Eventually, those experiences started to converge to give him the strength to stand tall. “There was a moment in the early-mid ’90s, where I started to find other Black gay men who wanted to make a difference. I felt safe, welcomed to talk about my HIV. I felt family with them.
"And that’s when I realised that these three things in my life were really important, they happen to lots of people like me, and I should use them. They were weapons that I could turn around and use to do good.
“It happened organically. But one thing I was really clear about was that I never considered myself an activist. When I went to tell other Black gay men about safer sex and avoiding HIV risks, it was simply because I didn’t want anybody to experience the stigma, shame and hurt that I had felt.
"I wanted to make the world a bit safer and nicer for men that might have the same experiences as me.” He volunteered for Black gay men’s discussion group Let’s Rap, and in 1995 worked with Big Up, the first organisation in the country to address the sexual health and HIV needs of Black gay men.
“We were shouting at politicians, funders, commissioners..."
His work challenging HIV stigma and giving voice to positive men continued into the 2000s. Then, in around 2012, Marc and his colleague Will Nutland recognised that gay men’s sexual health in the UK needed a drastic shake-up.
Around the same time, the effectiveness of PrEP [pre-exposure prophylaxis, a highly effective drug that prevents HIV] was being made available, and doctors appealed to Marc and Will to help raise awareness.
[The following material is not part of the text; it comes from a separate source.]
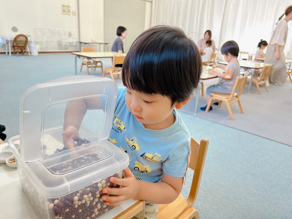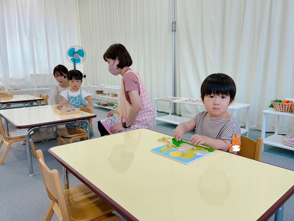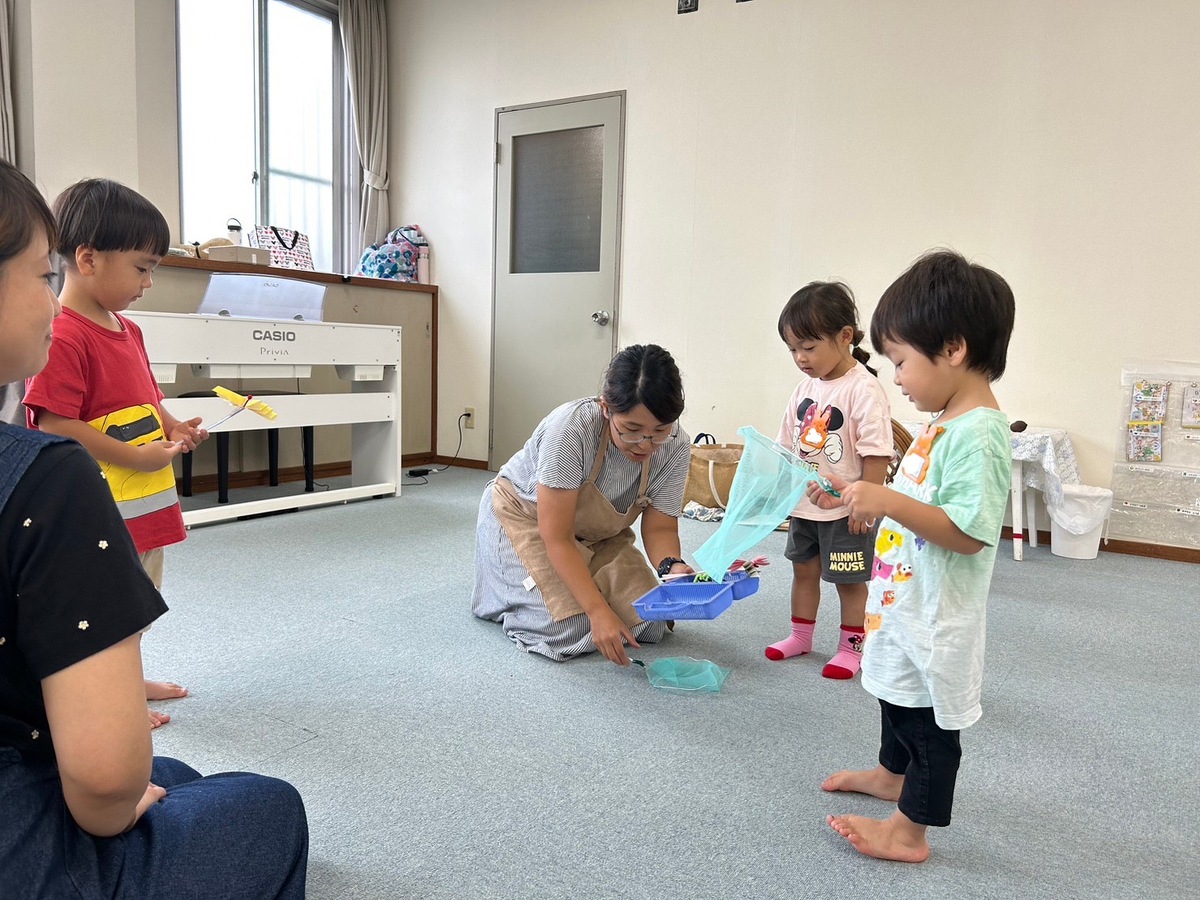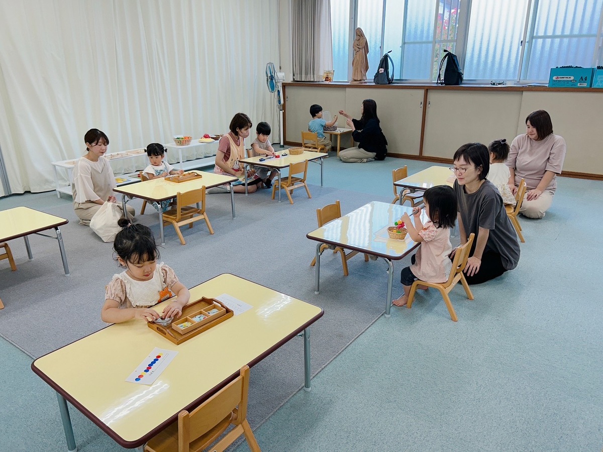 2学期のつぼみクラス、プチつぼみクラスが始まりました。久しぶりに幼稚園に来たことにとても嬉しそうにしていた子どもたち。それぞれ、思い思いのモンテッソーリ教材を使った活動に何度も繰り返し取り組んでいました。また、宮地先生の読み聞かせやわらべ歌遊びがありました。トンボのわらべ歌と一緒に、指に止まったトンボを「つかまえた!」大喜びの子どもたちでした。

In response, along with other colleagues, they founded Prepster, aiming to “educate and agitate” for PrEP access in England.
“We were shouting at politicians, funders, commissioners that they should make this new drug available, because this is the way we’re going to start to cut HIV transmission,” says Marc.
Alongside Prepster, Marc and Will launched The Love Tank, a community interest company addressing the needs of the marginalized and vulnerable — queers, people of colour, trans people, sex workers — to address health inequalities.
"I’ve done all this just by being Marc, a regular boy from Brixton"
Most recently, Marc has embraced his youthful roots with the Instagram page Black and Gay Back in the Day. “I’d seen It’s a Sin, and I thought there was an absence around Black queer history.”
Celebrating Black queer life in the UK from 1970 to 2000, the page features pre-digital pictures, which “showed the community loving, partying, socialising, protesting; because we want to make sure that that narrative is part of UK queer history, but it’s also part of UK history.”
Marc has lived an astonishing life that he most likely never imagined possible in those days and weeks after his HIV diagnosis. “Over my career and life experience, I’ve learned that I can do anything, that there is no wall I can’t kick down to make this world a better place. My dad taught me that you can achieve anything, and I’ve walked in that every single day.
“I think that’s the thing that I would want people to take away from my Pride Award. I’ve done all this just by being Marc, a regular boy from Brixton who thought, yeah, things don’t have to be like this. Let’s make it different.”